Art, Poetry, Music, and Nature for the New Year
Friday, January 1 2021
Word
For everything there is a season, and a time for every matter under heaven:
a time to be born, and a time to die; a time to plant, and a time to pluck up what is planted;
a time to kill, and a time to heal; a time to break down, and a time to build up;
a time to weep, and a time to laugh; a time to mourn, and a time to dance;
a time to throw away stones, and a time to gather stones together;
a time to embrace, and a time to refrain from embracing;
a time to seek, and a time to lose; a time to keep, and a time to throw away;
a time to tear, and a time to sew; a time to keep silence, and a time to speak;
a time to love, and a time to hate; a time for war, and a time for peace.
Ecclesiastes 3:1–8
Art
https://kuc.org/wp-content/uploads/Jan-01.png
Wassily Kandinsky, Winter Landscape, 1909: Oil on Cardboard (St. Petersburg, Hermitage Museum)

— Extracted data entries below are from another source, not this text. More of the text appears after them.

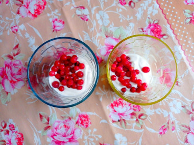 Когда я увидела рецепт ПП десерта из творога, то сразу же решила приготовить его детям на перекус. У меня как раз были творог и йогурт. Йогурт натуральный без сахара, но с небольшой прослойкой вишневого джема. Я не стала отделять прослойку и отправила йогурт к творогу вместе с ней. Для сладости положила ещё две столовые ложки мёда. Ягодные слои я сделала из брусники.
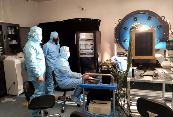 中心承担的航天载荷项目任务重,时间紧,为保证项目进度,采取疫情防控和项目研制工作两手抓,并就测试工作和防疫进行了科学布置,保证了验收测试工作的安全有序进行。由于载荷的测试工作在超净间密闭空间进行,具有一定的特殊性,为克服重重困难,在做好消毒工作的同时控制实验室人数,合理安排轮班轮岗。从2020年2月3日起进行定标测试及出所性能测试;2月26日-3月2日进行载荷总体交付验收测试。对待工作安排,大家尽职尽责,无怨无悔,齐心协力,在严峻困难的环境下,确保了GF-5(02)卫星大气痕量气体差分吸收光谱仪载荷出所测试与总体验收测试圆满完成。
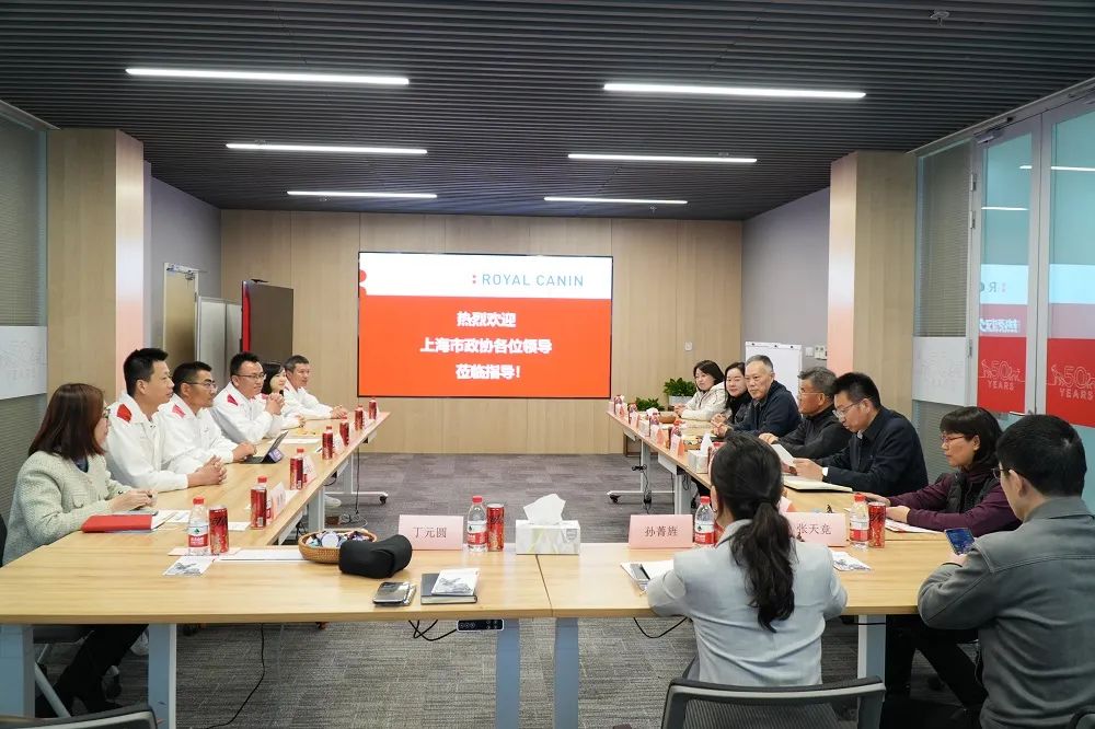 调研组在皇誉宠物食品(上海)有限公司了解外资宠物企业的发展情况。皇誉宠物食品(上海)有限公司为皇家在中国设立的全资子公司。皇家宠物食品是一家在宠物健康营养领域领先的全球性公司,始于1968 年,隶属玛氏集团,皇家全球至今研发超过750多种精准营养配方,在中国大陆市场销售产品有100多个配方。

As the trauma of 2020 fades into the background, and 2021 emerges, something about Kandinsky’s Winter Landscape carries hope. The rich pinks, greens, yellows, and blues stand strong and hopeful against the black spines of tree trunks standing sentinel over a winter landscape. Kandinsky uses no true white to depict the snow, but instead scatters color like New Year’s Eve confetti into the sunset. With the grove of dark trees in the top left corner, it does not ignore the possibility of sorrow, tragedy, or grief, but it somehow still uplifts, a sunset offering beauty as night descends. I would feel comforted walking the path Kandinsky sets before us in Winter Landscape.
Prayer
God of this new year, may the path we walk in 2021 be comfort and hope.